Thursday 13 October 2016

Using LIMIT with BULK COLLECT


Using LIMIT with BULK COLLECT
Oracle provides a LIMIT clause for BULK COLLECT that allows you to limit the number of rows fetched from the database. The syntax is:
FETCH cursor BULK COLLECT INTO ... [LIMIT rows];
where rows can be any literal, variable, or expression that evaluates to an integer (otherwise, the database will raise a VALUE_ERROR exception).
LIMIT is very useful with BULK COLLECT, 
because it helps you manage how much memory your program will used to process data. 
Suppose, for example, that you need to query and process 10,000 rows of data. 
You could use BULK COLLECT to retrieve all those rows and populate a rather large collection. However, this approach will consume lots of memory in the PGA for that session.
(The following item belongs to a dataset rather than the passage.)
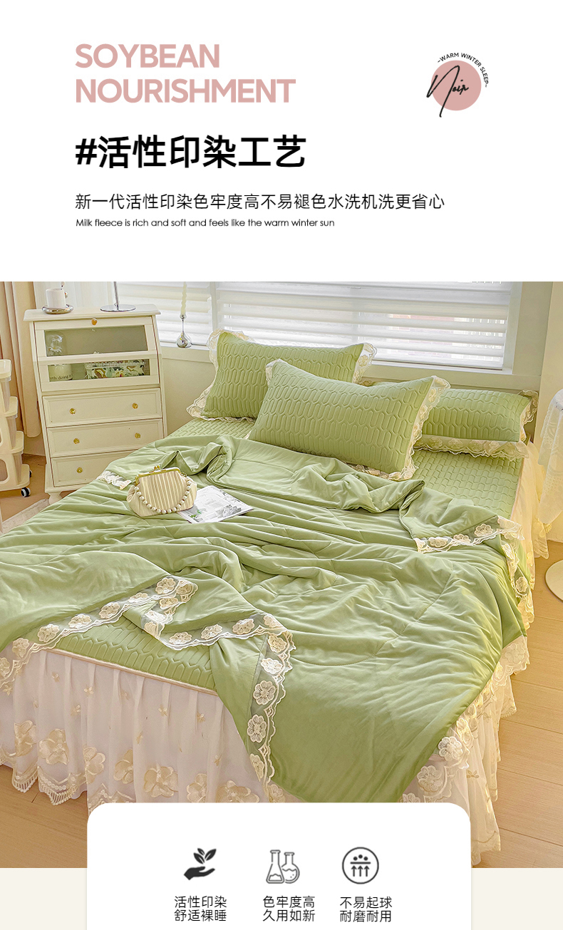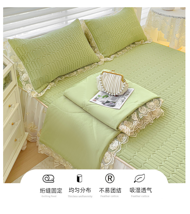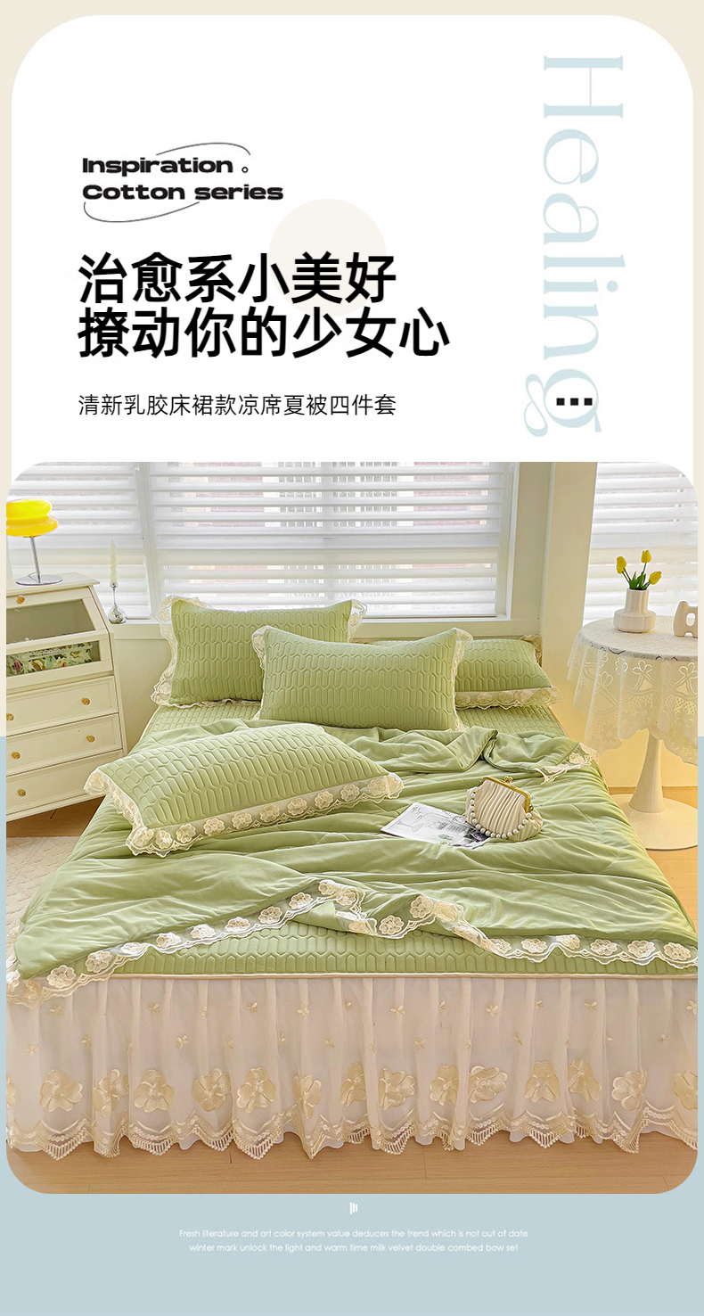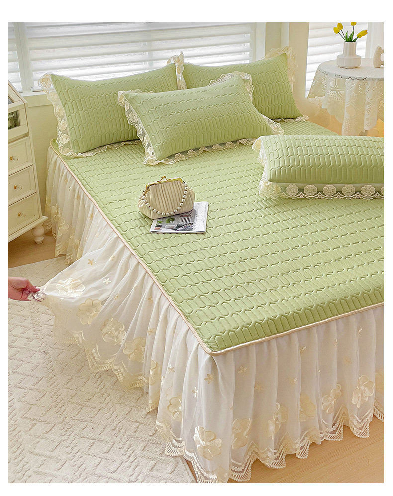 当前位置: 91家纺网 > 商品网购 > 床上用品 > 凉席 > 其他凉席 > 米莱家纺 2024新款蕾丝绣花凉席四件套 可可绿

If this code is run by many separate Oracle schemas, your application performance may degrade because of PGA swapping.
The following block of code uses the LIMIT clause in a FETCH that is inside a simple loop.
DECLARE
l_limit PLS_INTEGER := 100;
CURSOR allrows_cur IS SELECT * FROM employees;
TYPE employees_aat IS TABLE OF allrows_cur%ROWTYPE
INDEX BY BINARY_INTEGER;
l_employees employees_aat;
BEGIN
OPEN allrows_cur;
LOOP
FETCH allrows_cur BULK COLLECT INTO l_employees LIMIT l_limit;

/* Process the data by scanning through the collection. */ FOR l_row IN 1 .. l_employees.COUNT
LOOP
upgrade_employee_status (l_employees(l_row).employee_id);
END LOOP;
EXIT WHEN allrows_cur%NOTFOUND;
END LOOP;

CLOSE allrows_cur;
END;
Notice that I terminate the loop by checking the value of allrows_cur%NOTFOUND at the bottom of the loop. When querying data one row at a time, we usually put this code immediately after the FETCH statement. You should not do that when using BULK COLLECT, because when the fetch retrieves the last set of rows, the cursor will be exhausted (and %NOTFOUND will return TRUE) but you will still have some elements in the collection to process.
So either check the %NOTFOUND attribute at the bottom of your loop, or check the contents of the collection immediately after the fetch:
LOOP
FETCH allrows_cur BULK COLLECT INTO l_employees LIMIT l_limit;
EXIT WHEN l_employees.COUNT = 0;
The disadvantage of this second approach is that you will perform an extra fetch that returns no rows, compared to checking %NOTFOUND at the bottom of the loop body. The performance impact of this extra fetch should, however, be minimal.